The importance of lakes and rivers in the global carbon cycle is well established1,2,3. Local, regional, and global emission estimates of the carbonic greenhouse gases (GHGs), methane (CH4) and carbon dioxide (CO2), are reported regularly1,2,4,5 with estimates of nitrous oxide (N2O), another potent GHG produced in aquatic systems, also occasionally reported6. One of the most recent estimates of global GHG emissions from lakes and impoundments7 found that while absolute emission of CO2 is 5–10 times more than that of CH4 and N2O (in Tg of carbon (C) or nitrogen (N) per year), about 72% of the climatic impact of GHG emissions (in CO2-equivalents) from lakes and impounded waters is due to CH4. This is because CH4 is up to 34-times more potent as a GHG than CO2 and is responsible for approximately 20% of the overall additional atmospheric radiative forcing observed since 17508.
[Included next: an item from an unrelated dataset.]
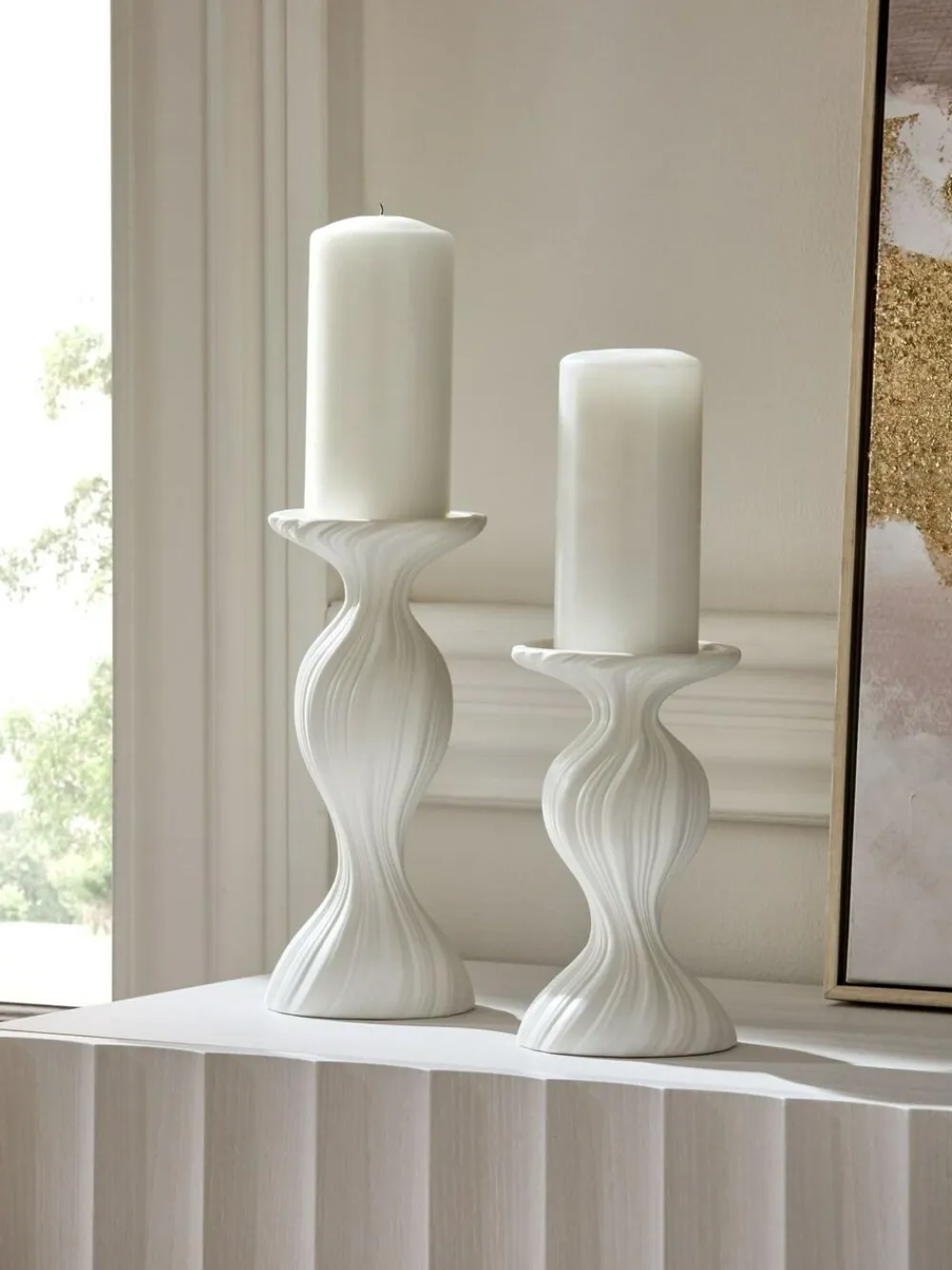 Minimalistic, yet elegant, our white pleat pillar candle holder is exactly what you need to complete your perfectly curated display. Full of movement, this crisp silhouette really sets the tone for the design-led home. Pillar candle holder Pleated design Small Height 19cm / Width 11cm / Depth 11cm Medium Height 24.5cm / Width 11cm / Depth 11cm 100% Stoneware.

This recent finding regarding the importance of aquatic CH4 emissions7 contradicts earlier reports that CH4 and CO2 contributed equally to the global warming potential of GHG emissions from lakes and impoundments2,4,6. These previous estimates, however, were based on a simplistic upscaling method of extrapolating average observed emission rates to global lake and impoundment surface area without regard for driving mechanisms. The use of this type of upscaling, rather than a process-based approach, may be the cause for the large uncertainties surrounding global aquatic CH4 emissions9.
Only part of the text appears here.